The Vaccine Alliance supported one of the fastest roll-outs in the history of vaccination: the introduction of at least one dose of IPV into the routine immunisation schedules of Gavi-supported countries, which was achieved in April 2019, less than five years after the initial launch.
Countries introducing IPV received a one-time cash grant from Gavi, funded by GPEI, to support some of the additional activity costs related to introducing the new vaccine. These activities may include health worker training, social mobilisation, micro-planning, expansion or rehabilitation of cold chain equipment, printing of materials (such as immunisation cards), technical assistance and modifications to the surveillance systems.
GPEI has extended its deadline for eradicating polio from 2018 to 2023. The Gavi Board has also decided to continue support post-2020.

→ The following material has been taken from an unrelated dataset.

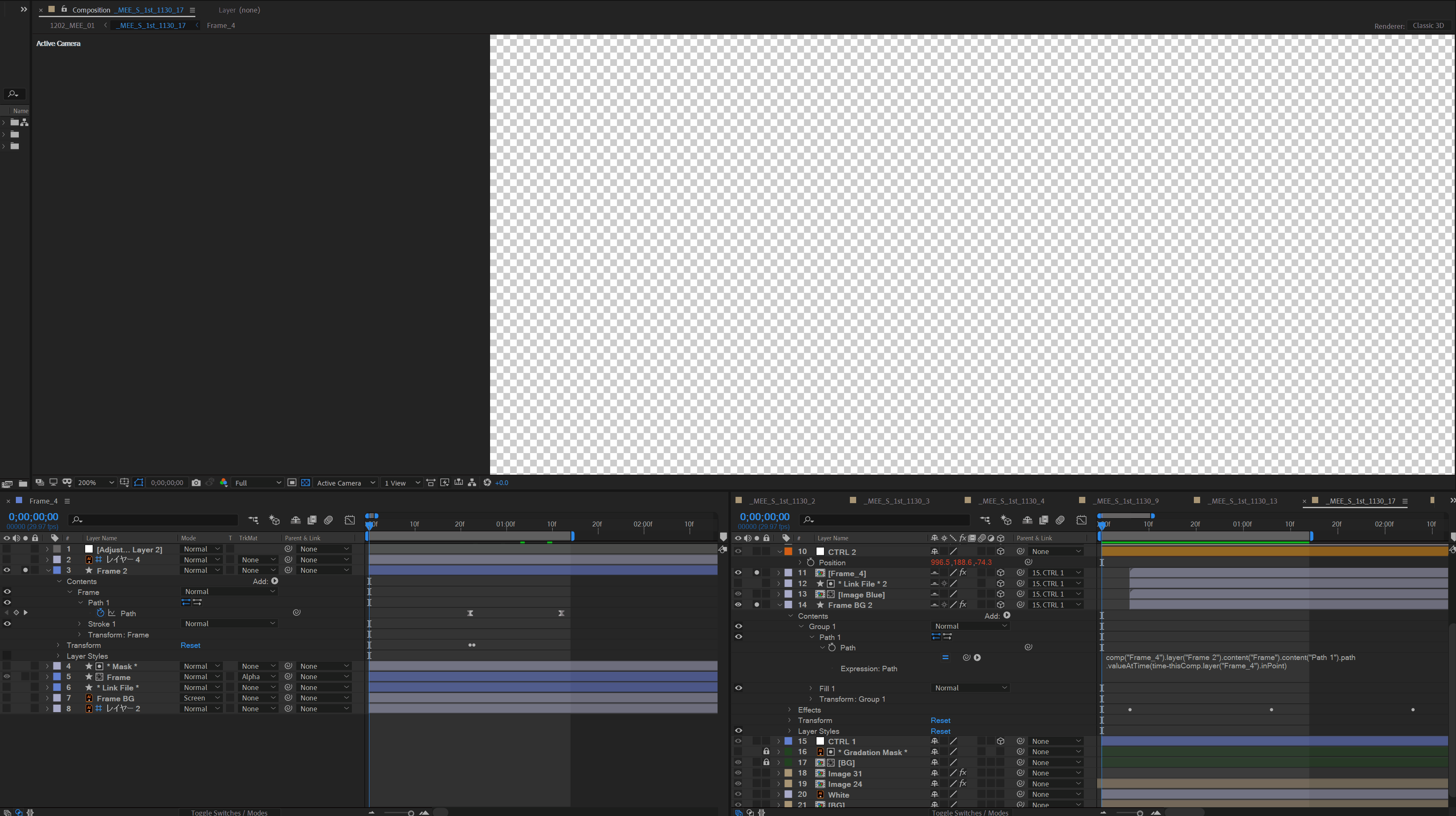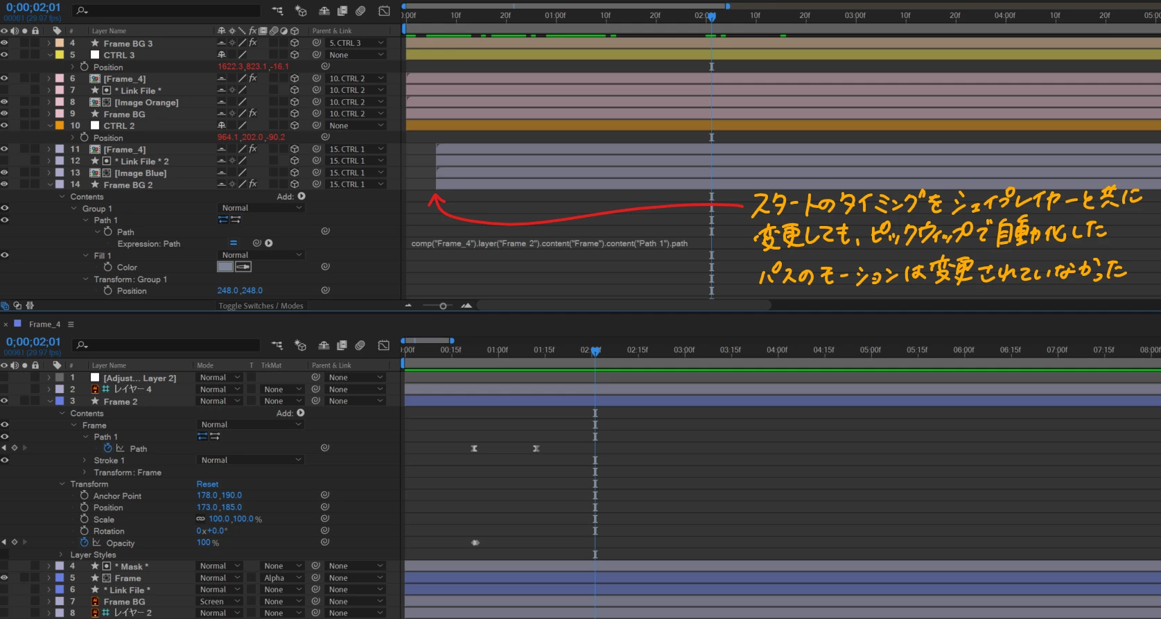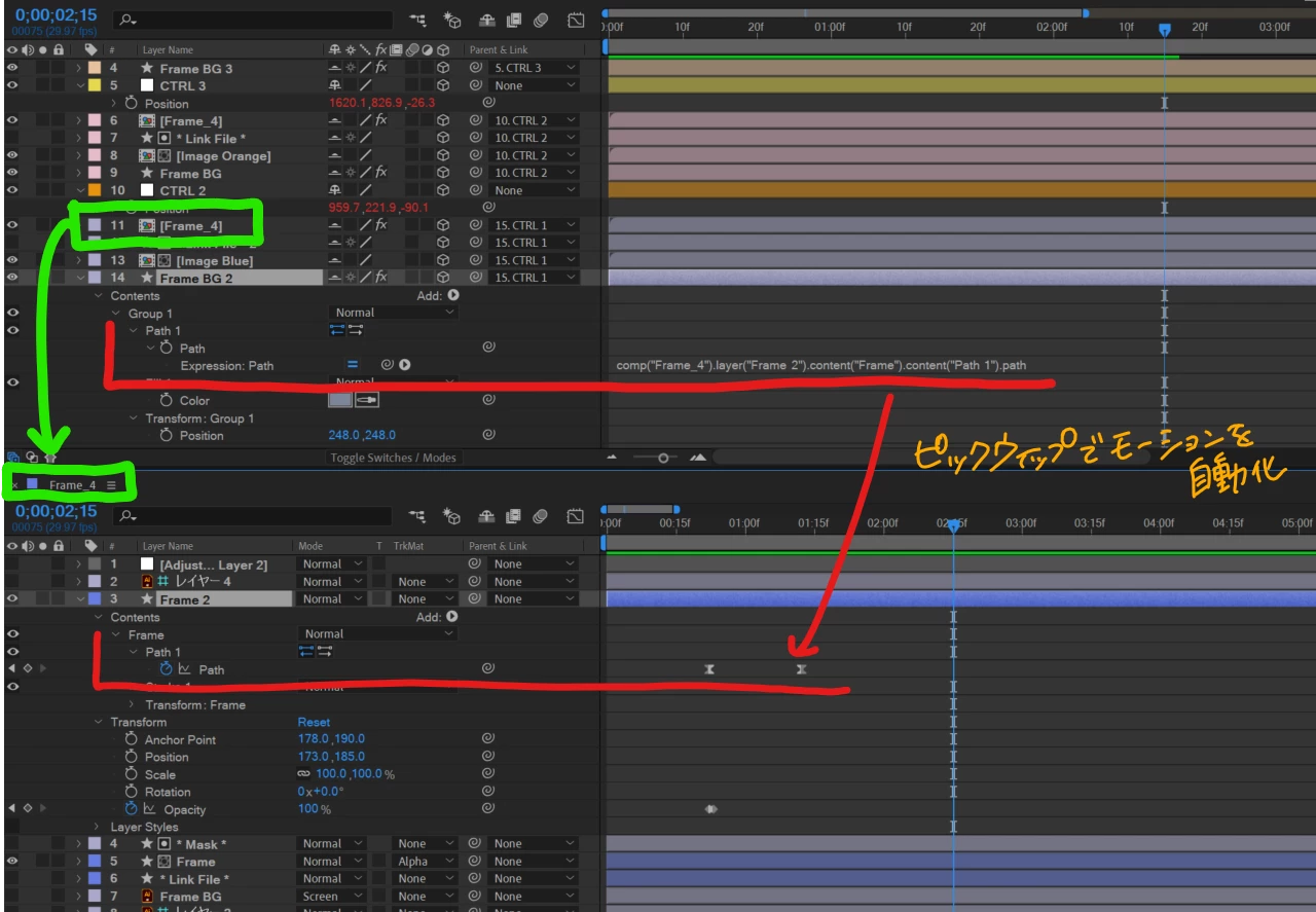 1つのシェイプレイヤーに対してパスのモーションを施し(添付画像の緑で囲んだレイヤー番号11【Frame_4】プリコンポジション内シェイプレイヤーFrame_2)、

In 2016, SAGE advised countries to consider vaccinating children missed as a result of supply constraints as soon as sufficient IPV becomes available. Since then Gavi, UNICEF, WHO and the Bill & Melinda Gates Foundation are working with countries to ensure implementation of the SAGE recommendation and allocate available supply, starting with the countries at highest risk of reintroduction of polio.
By the end of 2018, only 3 million out of 32 million children missed have been vaccinated with IPV. However, with the supply situation improving further, Gavi strives to reach all missed children before the end of 2020, when the window for support of catch-up is closing.

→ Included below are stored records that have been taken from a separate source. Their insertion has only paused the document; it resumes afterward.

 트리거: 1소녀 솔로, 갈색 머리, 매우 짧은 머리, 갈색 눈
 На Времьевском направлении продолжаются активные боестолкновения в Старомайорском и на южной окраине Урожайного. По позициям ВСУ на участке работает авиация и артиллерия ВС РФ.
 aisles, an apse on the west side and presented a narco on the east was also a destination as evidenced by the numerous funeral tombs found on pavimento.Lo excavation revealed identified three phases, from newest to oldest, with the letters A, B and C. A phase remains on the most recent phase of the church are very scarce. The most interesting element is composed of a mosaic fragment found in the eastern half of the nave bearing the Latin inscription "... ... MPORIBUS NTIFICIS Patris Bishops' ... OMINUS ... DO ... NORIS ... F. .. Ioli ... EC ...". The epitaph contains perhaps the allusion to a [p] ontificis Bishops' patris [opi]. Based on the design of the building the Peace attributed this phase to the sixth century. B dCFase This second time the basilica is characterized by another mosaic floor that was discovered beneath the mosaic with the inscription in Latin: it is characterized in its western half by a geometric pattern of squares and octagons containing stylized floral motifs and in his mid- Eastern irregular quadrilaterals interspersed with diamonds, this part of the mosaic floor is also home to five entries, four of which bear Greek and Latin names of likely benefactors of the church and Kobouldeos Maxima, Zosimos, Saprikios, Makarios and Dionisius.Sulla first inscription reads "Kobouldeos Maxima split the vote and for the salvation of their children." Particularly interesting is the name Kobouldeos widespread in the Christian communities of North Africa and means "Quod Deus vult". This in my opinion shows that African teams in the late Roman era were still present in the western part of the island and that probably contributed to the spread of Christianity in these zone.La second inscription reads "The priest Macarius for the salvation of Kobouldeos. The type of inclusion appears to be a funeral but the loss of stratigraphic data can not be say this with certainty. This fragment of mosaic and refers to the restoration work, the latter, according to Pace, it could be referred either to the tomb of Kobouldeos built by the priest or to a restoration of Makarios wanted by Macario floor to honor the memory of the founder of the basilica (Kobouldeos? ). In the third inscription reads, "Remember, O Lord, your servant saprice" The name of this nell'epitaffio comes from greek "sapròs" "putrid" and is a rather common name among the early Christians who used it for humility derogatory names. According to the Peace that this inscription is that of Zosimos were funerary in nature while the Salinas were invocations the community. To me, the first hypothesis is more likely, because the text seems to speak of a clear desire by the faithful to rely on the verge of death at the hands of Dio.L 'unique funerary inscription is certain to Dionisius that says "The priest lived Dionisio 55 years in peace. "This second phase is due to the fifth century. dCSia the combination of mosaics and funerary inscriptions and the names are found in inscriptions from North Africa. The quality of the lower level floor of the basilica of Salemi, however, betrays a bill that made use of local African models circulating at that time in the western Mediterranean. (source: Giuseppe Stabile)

Routine immunisation is the sustainable, reliable and timely interaction between the vaccine, those who deliver it and those who receive it to ensure every person is fully immunised against vaccine-preventable diseases.

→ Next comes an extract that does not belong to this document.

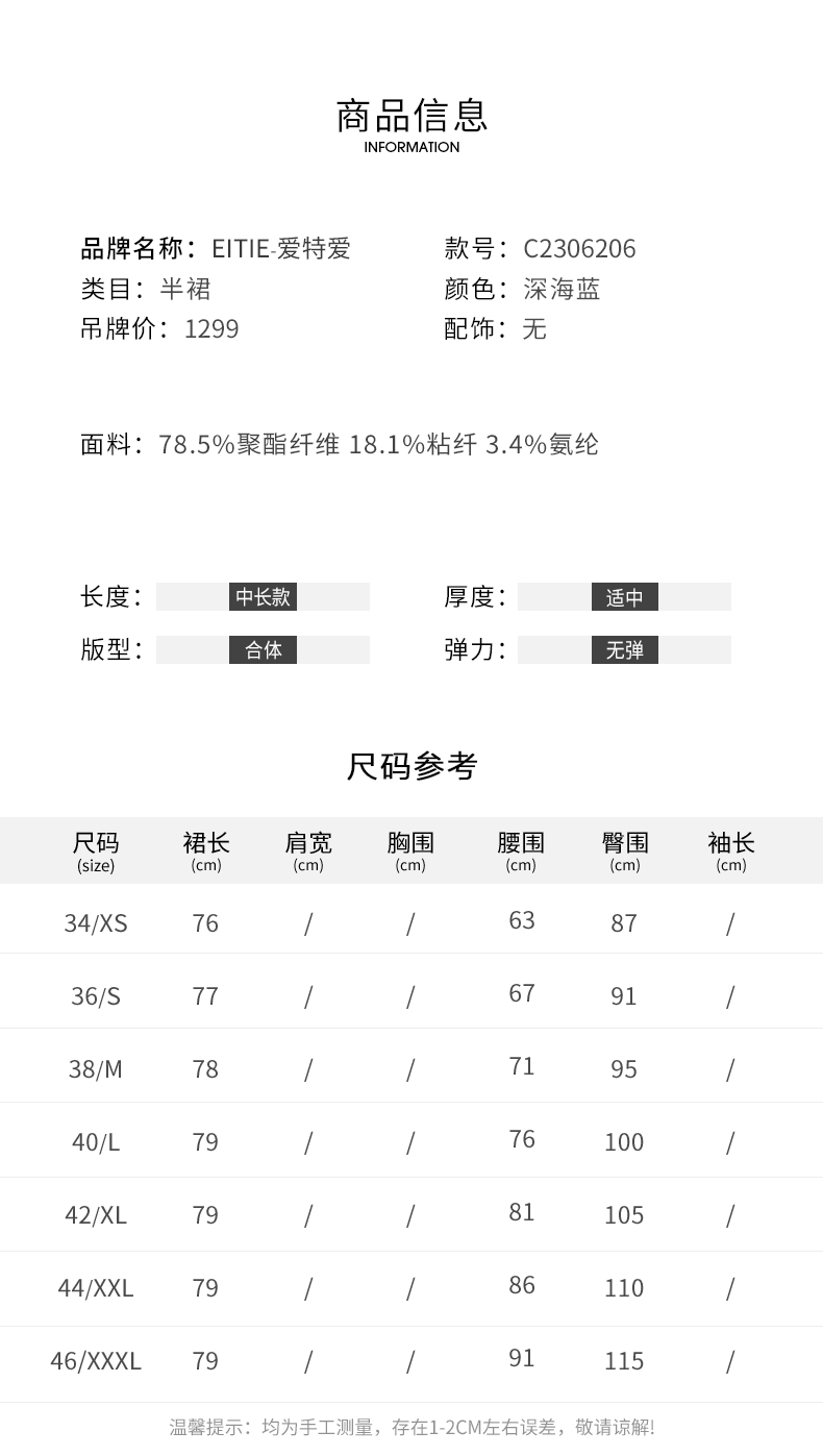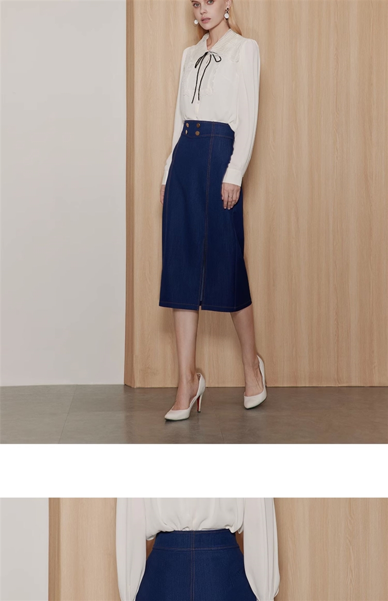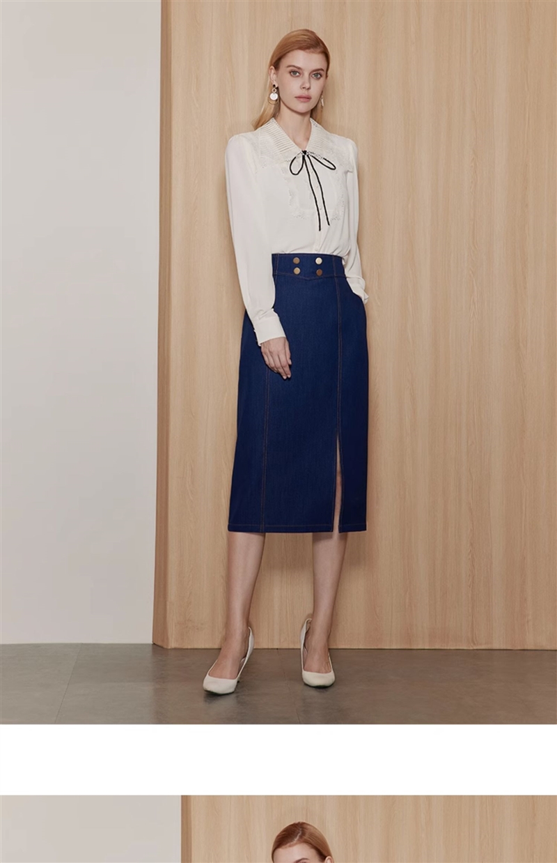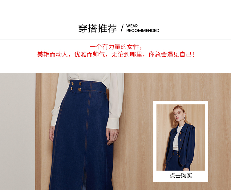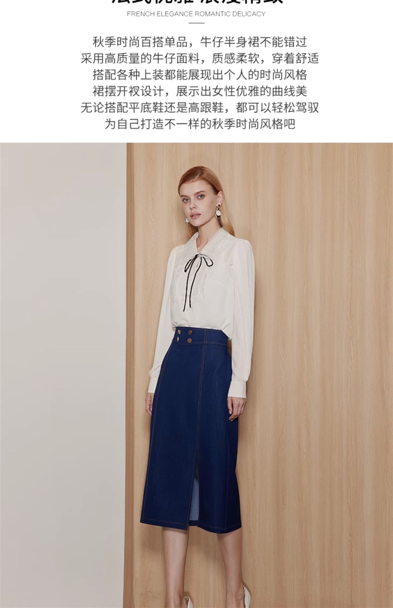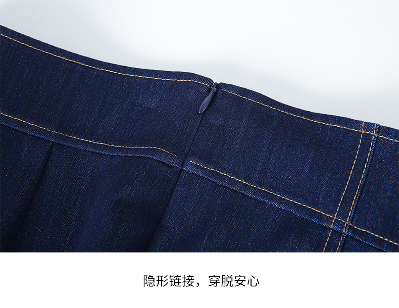 EITIE/爱特爱时尚经典复古高腰开叉显瘦通勤牛仔半身裙秋季新款C2306206

Strengthening routine immunisation is a pillar of the polio eradication strategy. High coverage provides a strong base for population immunity to prevent polio outbreaks and builds a sustainable platform for the introduction of IPV and other life-saving vaccines. In polio-endemic countries, the virus persists in marginalised populations where health and immunisation services are largely non-existent, and where oversight and management of primary health care systems are weak. However, the poliovirus cannot survive for long periods outside the human body. Without an unvaccinated person to infect, poliovirus will die out. As a result, strengthening routine immunisation is a critical factor in successfully interrupting all poliovirus transmission.
Gavi is working to strengthen routine immunisation systems in all eligible countries, and to coordinate resources with other GPEI partners to strengthen routine immunisation in specific high-risk geographies of priority countries. These efforts benefit from the expertise developed by GPEI since 1988 to support and strengthen broader immunisation activities.